A Critical Evaluation of the Coefficient Method, Capacity Spectrum Method and Modal Pushover Analysis for Irregular Steel Buildings in Seismic Zones

Abstract

Classical design procedures are less advantageous than performance-based seismic design (PBSD) of buildings, which is included in existing standards such as ASCE 41-23 for new buildings or retrofitting. PBSD requires accurate assessment of building seismic responses. Such assessments can be done using either faster nonlinear static procedures (NSPs) or more time-intensive nonlinear time-history analyses (NTHAs). However, the reliability of NSPs can be questionable, as shown by previous research. Practitioners need to conduct further investigations to determine safety margins and the applicability scope of these methods. This is especially important for irregular buildings and near-fault zones. This problem is investigated in this paper by first using 1250 single-degree-of-freedom (SDOF) systems to evaluate the ASCE 41-23’s coefficient method and performing 25000 NTHAs for near- and far-fault records. Second, the responses obtained from two alternative approaches, the modal pushover analysis (MPA) and FEMA 440’s capacity spectrum method (CSM), are compared with NTHA responses for buildings with significant higher-mode effects.

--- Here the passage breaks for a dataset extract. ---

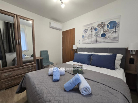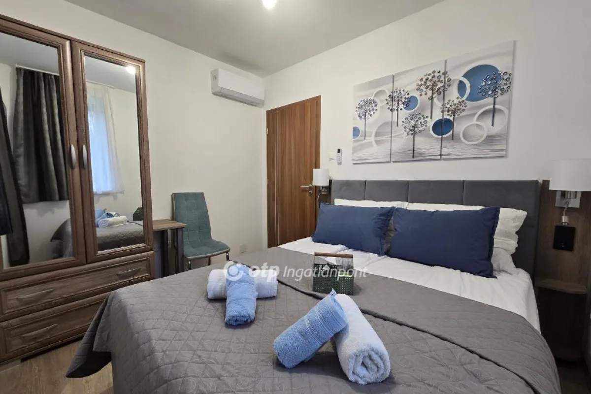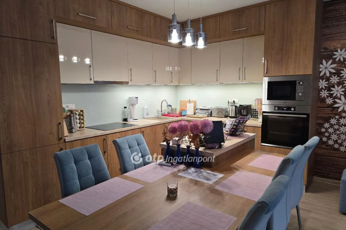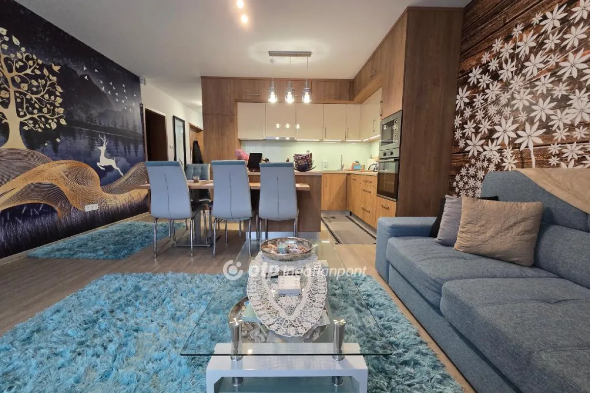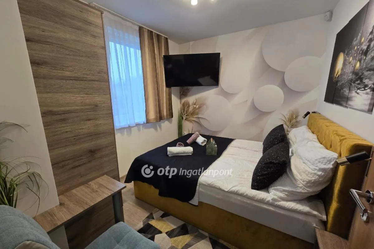 Eladásra kínálunk Sárváron, egy 2023-ban épült, modern megjelenésű, 74 m2 alapterületű, 3 szobás, társasházi lakást, amely teljes berendezéssel együtt kerül értékesítésre, és jelenleg kiválóan működő, bejáratott apartmanként üzemel. Az ingatlan egyik legnagyobb előnye, hogy a vételár a teljes berendezést magában foglalja: a minőségi bútorzat, a berendezési tárgyak, az elektronikai eszközök és a háztartási gépek (a mosó-szárítógép kivételével), továbbá a nagy értékű Wellis jakuzzi és a robotfűnyíró is mind az új tulajdonoshoz kerülnek külön megállapodás nélkül, többletköltség nélkül. Az átgondolt alaprajzi kialakítás a mindennapi kényelmet és a vendégfogadás igényeit egyaránt szolgálja. A lakás három külön nyíló szobával, egy teraszközvetlen kapcsolattal rendelkező amerikai konyhás nappalival, előszobával, háztartási helyiséggel, fürdőszobával, külön WC-vel, valamint egy fedett előteraszból és egy hátsó teraszból áll, amelyek ideálisak a pihenéshez és a kikapcsolódáshoz. A mindössze háromlakásos társasház egy 924 m2-es, fákkal övezett telken helyezkedik el, Sárvár egyik dinamikusan fejlődő, új építésű utcájában. Az ingatlan korszerű építészeti megoldásokkal készült, kiváló energetikai besorolással, amely hosszú távon is alacsony fenntartási költségeket garantál. A lakótér temperálását inverteres Gree klímaberendezések biztosítják, amelyek egy 1011 kW teljesítményű napelemes rendszerhez kapcsolódnak, Fronius inverterrel, éves szaldóelszámolással és még 10 év gyártói garanciával. A melegvízellátásról villanybojler gondoskodik. A gondozott, sövénnyel körbeültetett kertben több zónás automata öntözőrendszer és Husqvarna robotfűnyíró működik, így a zöldfelület folyamatosan rendezett. Az ingatlan teljes területe kamerarendszerrel és riasztóval védett, ami tovább növeli az értékét és a biztonságérzetet. Ez a lakás gyakorlatilag új állapotú, teljesen költségmentes, minden elemében minőségi kivitelezést és felszereltséget képvisel. Befektetési szempontból is kiemelkedő lehetőség, hiszen jelenleg is sikeresen működő apartman, amely az egyik legismertebb szállásfoglaló oldalon 9,9-es értékeléssel rendelkezik köszönhetően a kiváló elosztásnak, a prémium felszereltségnek és a kedvező elhelyezkedésnek. Ez az ingatlan ideális választás lehet azonnali hozamot kereső befektetőknek, illetve azok számára is, akik kompromisszummentes, modern otthont szeretnének Sárváron.

American standards are used to design 96 3D symmetric and asymmetric steel moment-resisting frame (MRF) buildings with different characteristics such as lateral, lateral-torsional, and torsional modes of vibration dominance as well as different stability conditions, which are considered in this paper. The MPA and CSM are compared with NTHAs in this paper. The results show that the ASCE 41-23’s coefficient method is unreliable for near-fault zones and that the MPA and CSM are unreliable for seismic evaluation of buildings with dominant lateral-torsional modes of vibration or significant P-Δ effects. The results also revealed that MPA is a conservative approach for seismic evaluation of torsionally dominant buildings while CSM is not.